→ **TASK ITEM**:
Although the records contain pictures, only their text should be set down, exactly as written.

--- START ---

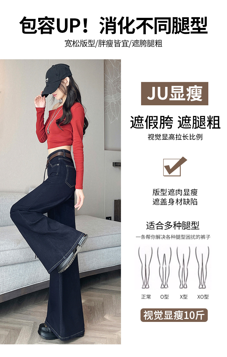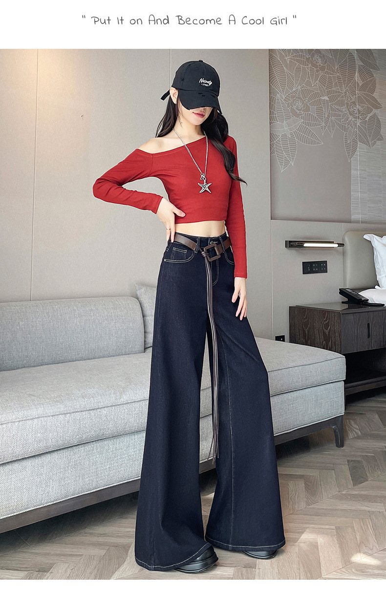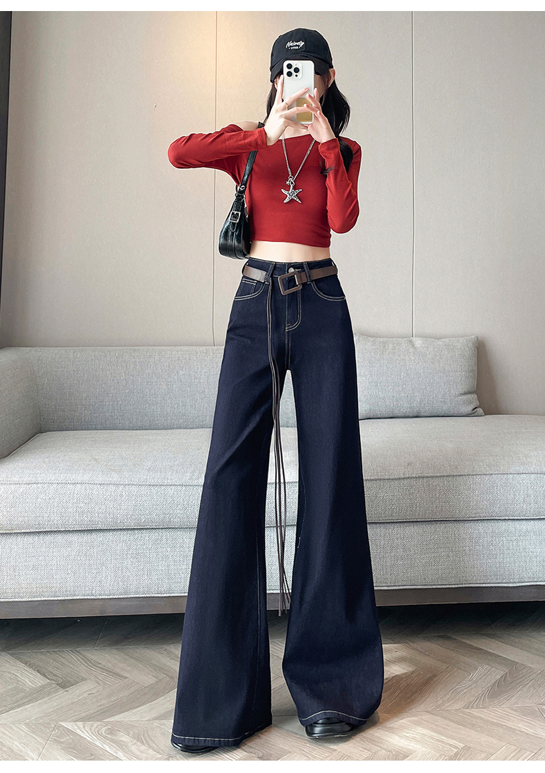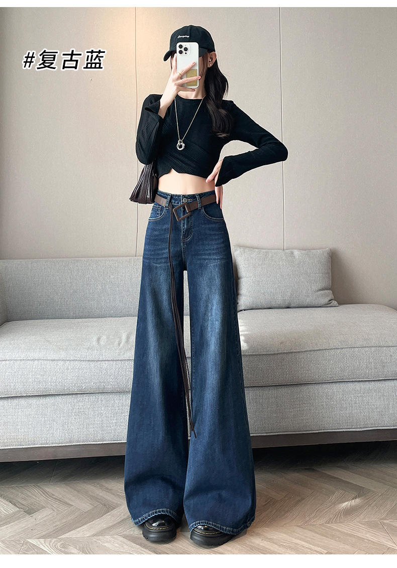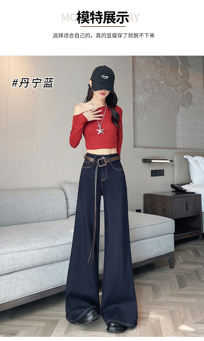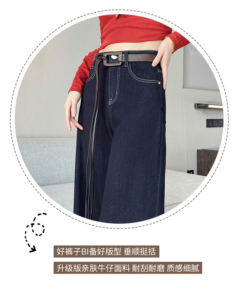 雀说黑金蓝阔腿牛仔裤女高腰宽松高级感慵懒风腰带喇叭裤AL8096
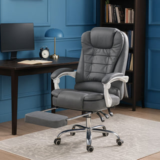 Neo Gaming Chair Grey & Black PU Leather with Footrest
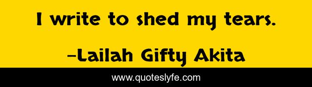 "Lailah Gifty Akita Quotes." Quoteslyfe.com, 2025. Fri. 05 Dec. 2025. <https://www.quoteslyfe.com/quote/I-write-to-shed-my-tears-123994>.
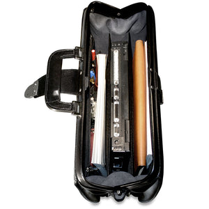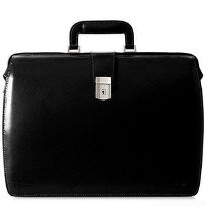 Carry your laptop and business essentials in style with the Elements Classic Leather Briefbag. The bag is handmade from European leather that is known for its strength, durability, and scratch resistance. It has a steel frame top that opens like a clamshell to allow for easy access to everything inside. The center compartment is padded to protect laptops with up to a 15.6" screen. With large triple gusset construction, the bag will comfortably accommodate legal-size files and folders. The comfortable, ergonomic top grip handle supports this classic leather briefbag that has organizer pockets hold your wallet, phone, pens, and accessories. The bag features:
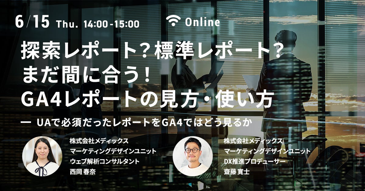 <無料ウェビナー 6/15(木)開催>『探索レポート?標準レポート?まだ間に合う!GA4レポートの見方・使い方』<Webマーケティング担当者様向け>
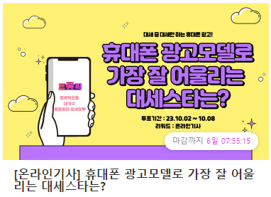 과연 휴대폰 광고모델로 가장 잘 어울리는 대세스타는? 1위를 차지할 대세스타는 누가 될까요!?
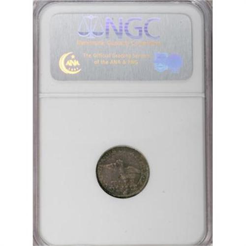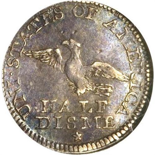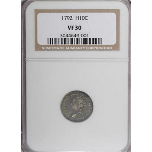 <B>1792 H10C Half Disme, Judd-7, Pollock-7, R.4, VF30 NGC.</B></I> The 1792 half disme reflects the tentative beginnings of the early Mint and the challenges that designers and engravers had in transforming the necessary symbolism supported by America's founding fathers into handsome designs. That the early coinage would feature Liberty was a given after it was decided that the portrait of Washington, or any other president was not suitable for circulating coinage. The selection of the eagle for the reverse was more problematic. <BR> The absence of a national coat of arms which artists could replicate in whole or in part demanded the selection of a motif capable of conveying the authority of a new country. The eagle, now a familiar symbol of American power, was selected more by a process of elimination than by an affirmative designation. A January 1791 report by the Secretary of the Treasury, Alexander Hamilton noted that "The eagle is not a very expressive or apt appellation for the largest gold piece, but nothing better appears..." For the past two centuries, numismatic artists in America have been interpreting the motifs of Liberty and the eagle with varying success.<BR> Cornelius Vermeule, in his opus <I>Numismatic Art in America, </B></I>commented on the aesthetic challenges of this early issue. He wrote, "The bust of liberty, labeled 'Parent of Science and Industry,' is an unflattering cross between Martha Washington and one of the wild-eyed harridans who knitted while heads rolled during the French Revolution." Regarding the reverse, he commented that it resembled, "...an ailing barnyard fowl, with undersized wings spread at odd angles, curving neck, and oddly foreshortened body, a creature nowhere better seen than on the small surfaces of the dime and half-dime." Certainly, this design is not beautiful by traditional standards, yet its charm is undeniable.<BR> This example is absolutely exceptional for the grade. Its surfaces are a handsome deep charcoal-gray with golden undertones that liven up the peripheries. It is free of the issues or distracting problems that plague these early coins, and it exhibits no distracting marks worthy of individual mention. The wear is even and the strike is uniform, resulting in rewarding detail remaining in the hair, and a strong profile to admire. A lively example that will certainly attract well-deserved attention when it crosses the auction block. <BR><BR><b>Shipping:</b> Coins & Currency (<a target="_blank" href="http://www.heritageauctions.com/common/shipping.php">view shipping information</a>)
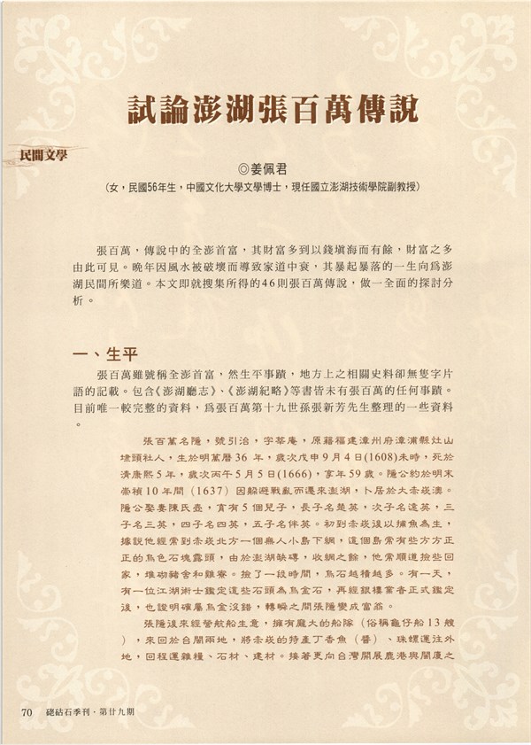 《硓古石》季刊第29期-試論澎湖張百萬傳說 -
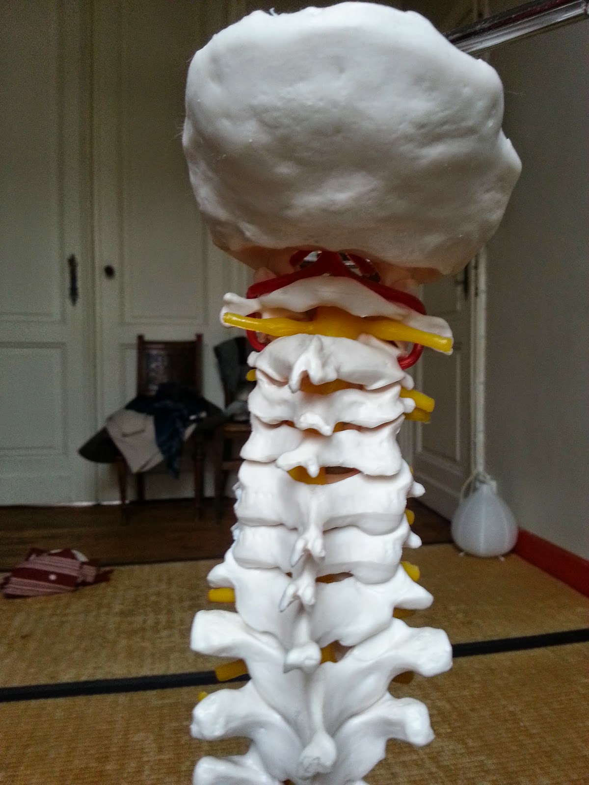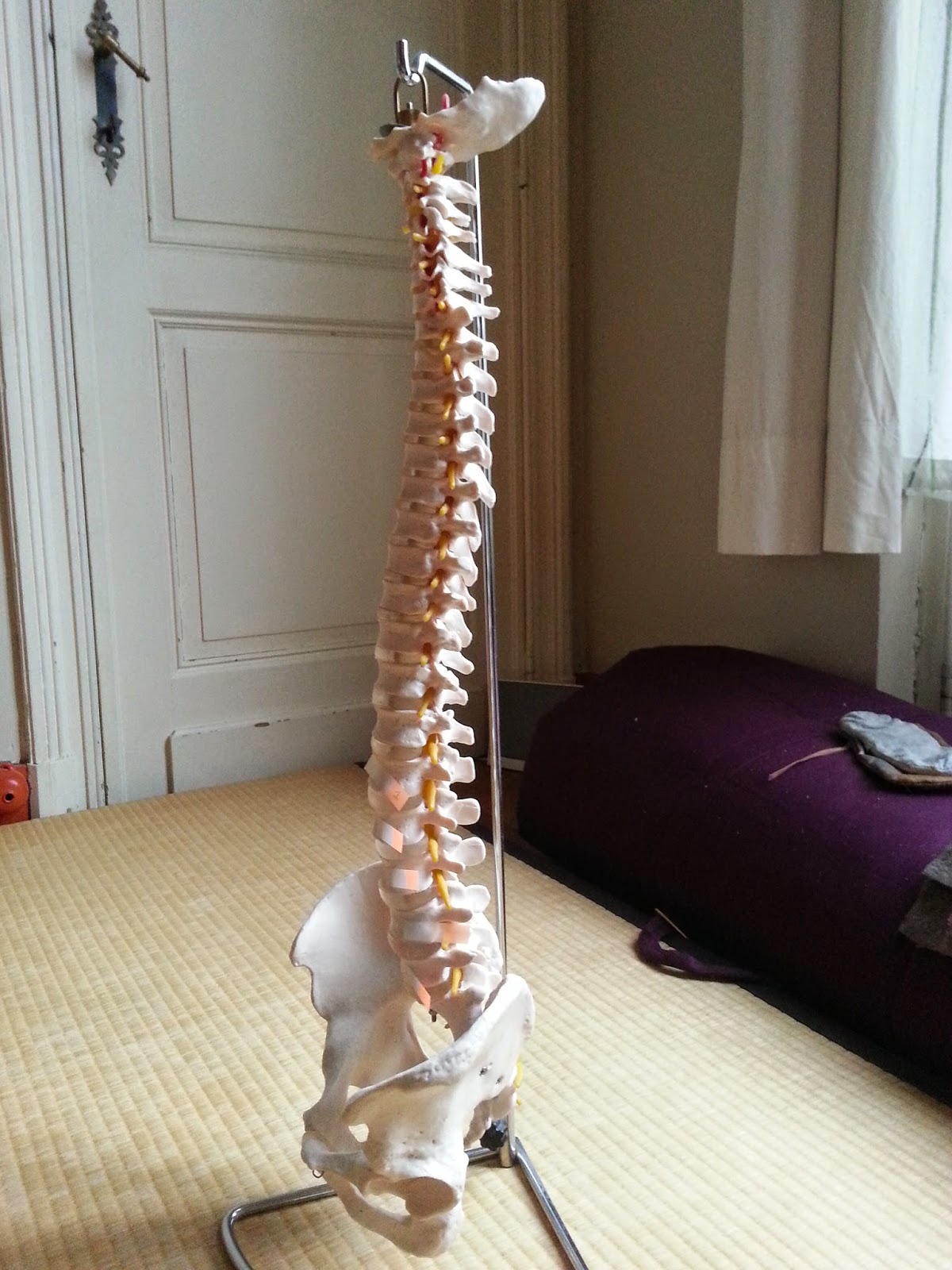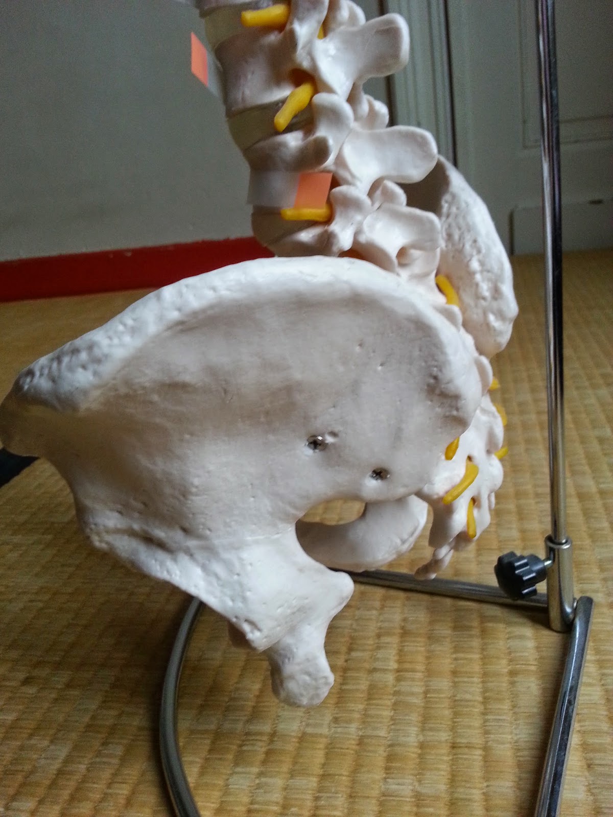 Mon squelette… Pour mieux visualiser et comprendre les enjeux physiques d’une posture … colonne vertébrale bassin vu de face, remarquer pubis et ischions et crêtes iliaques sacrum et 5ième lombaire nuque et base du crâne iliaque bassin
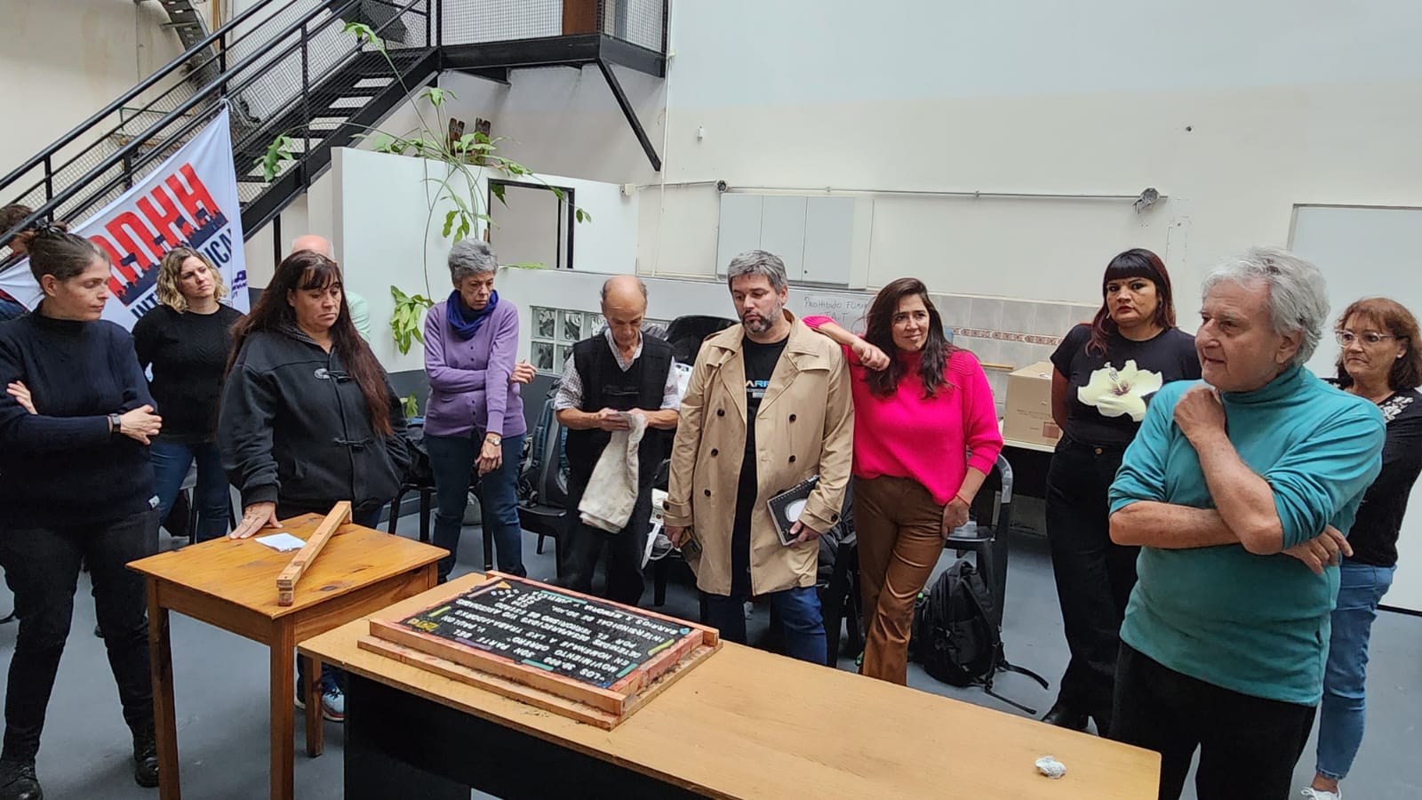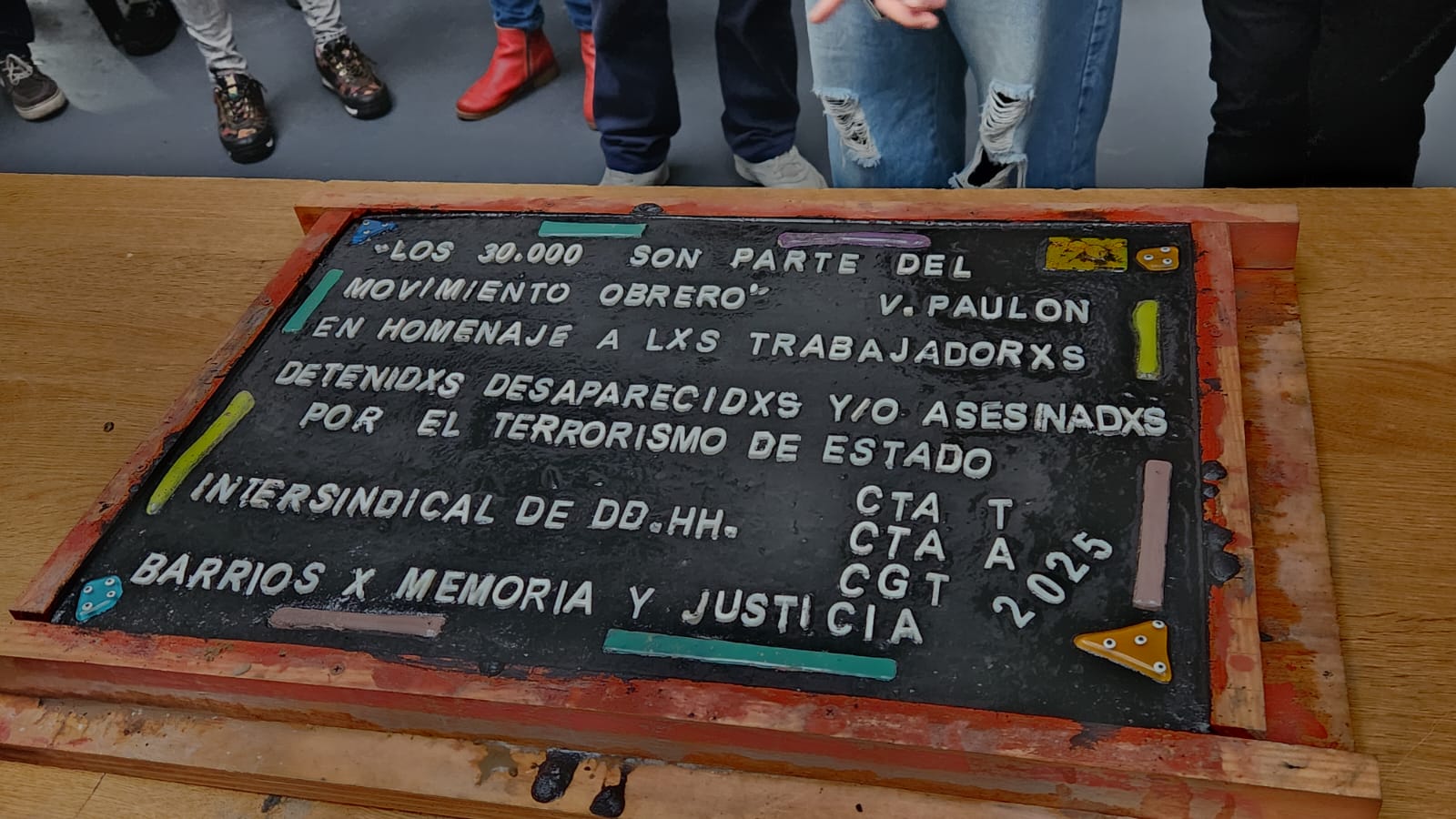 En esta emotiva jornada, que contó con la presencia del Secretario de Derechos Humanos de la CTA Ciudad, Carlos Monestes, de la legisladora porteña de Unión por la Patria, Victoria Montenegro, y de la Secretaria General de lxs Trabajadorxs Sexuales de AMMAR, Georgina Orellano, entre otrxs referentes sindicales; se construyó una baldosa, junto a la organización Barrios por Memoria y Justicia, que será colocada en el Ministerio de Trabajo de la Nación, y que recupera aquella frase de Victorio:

--- END ---

→ **YOUR SOLUTION**:
 雀说黑金蓝阔腿牛仔裤女高腰宽松高级感慵懒风腰带喇叭裤AL8096
 Neo Gaming Chair Grey & Black PU Leather with Footrest
 "Lailah Gifty Akita Quotes." Quoteslyfe.com, 2025. Fri. 05 Dec. 2025. <https://www.quoteslyfe.com/quote/I-write-to-shed-my-tears-123994>.
 Carry your laptop and business essentials in style with the Elements Classic Leather Briefbag. The bag is handmade from European leather that is known for its strength, durability, and scratch resistance. It has a steel frame top that opens like a clamshell to allow for easy access to everything inside. The center compartment is padded to protect laptops with up to a 15.6" screen. With large triple gusset construction, the bag will comfortably accommodate legal-size files and folders. The comfortable, ergonomic top grip handle supports this classic leather briefbag that has organizer pockets hold your wallet, phone, pens, and accessories. The bag features:
 <無料ウェビナー 6/15(木)開催>『探索レポート?標準レポート?まだ間に合う!GA4レポートの見方・使い方』<Webマーケティング担当者様向け>
 과연 휴대폰 광고모델로 가장 잘 어울리는 대세스타는? 1위를 차지할 대세스타는 누가 될까요!?
 <B>1792 H10C Half Disme, Judd-7, Pollock-7, R.4, VF30 NGC.</B></I> The 1792 half disme reflects the tentative beginnings of the early Mint and the challenges that designers and engravers had in transforming the necessary symbolism supported by America's founding fathers into handsome designs. That the early coinage would feature Liberty was a given after it was decided that the portrait of Washington, or any other president was not suitable for circulating coinage. The selection of the eagle for the reverse was more problematic. <BR> The absence of a national coat of arms which artists could replicate in whole or in part demanded the selection of a motif capable of conveying the authority of a new country. The eagle, now a familiar symbol of American power, was selected more by a process of elimination than by an affirmative designation. A January 1791 report by the Secretary of the Treasury, Alexander Hamilton noted that "The eagle is not a very expressive or apt appellation for the largest gold piece, but nothing better appears..." For the past two centuries, numismatic artists in America have been interpreting the motifs of Liberty and the eagle with varying success.<BR> Cornelius Vermeule, in his opus <I>Numismatic Art in America, </B></I>commented on the aesthetic challenges of this early issue. He wrote, "The bust of liberty, labeled 'Parent of Science and Industry,' is an unflattering cross between Martha Washington and one of the wild-eyed harridans who knitted while heads rolled during the French Revolution." Regarding the reverse, he commented that it resembled, "...an ailing barnyard fowl, with undersized wings spread at odd angles, curving neck, and oddly foreshortened body, a creature nowhere better seen than on the small surfaces of the dime and half-dime." Certainly, this design is not beautiful by traditional standards, yet its charm is undeniable.<BR> This example is absolutely exceptional for the grade. Its surfaces are a handsome deep charcoal-gray with golden undertones that liven up the peripheries. It is free of the issues or distracting problems that plague these early coins, and it exhibits no distracting marks worthy of individual mention. The wear is even and the strike is uniform, resulting in rewarding detail remaining in the hair, and a strong profile to admire. A lively example that will certainly attract well-deserved attention when it crosses the auction block. <BR><BR><b>Shipping:</b> Coins & Currency (<a target="_blank" href="http://www.heritageauctions.com/common/shipping.php">view shipping information</a>)
 《硓古石》季刊第29期-試論澎湖張百萬傳說 -
 Mon squelette… Pour mieux visualiser et comprendre les enjeux physiques d’une posture … colonne vertébrale bassin vu de face, remarquer pubis et ischions et crêtes iliaques sacrum et 5ième lombaire nuque et base du crâne iliaque bassin
 En esta emotiva jornada, que contó con la presencia del Secretario de Derechos Humanos de la CTA Ciudad, Carlos Monestes, de la legisladora porteña de Unión por la Patria, Victoria Montenegro, y de la Secretaria General de lxs Trabajadorxs Sexuales de AMMAR, Georgina Orellano, entre otrxs referentes sindicales; se construyó una baldosa, junto a la organización Barrios por Memoria y Justicia, que será colocada en el Ministerio de Trabajo de la Nación, y que recupera aquella frase de Victorio:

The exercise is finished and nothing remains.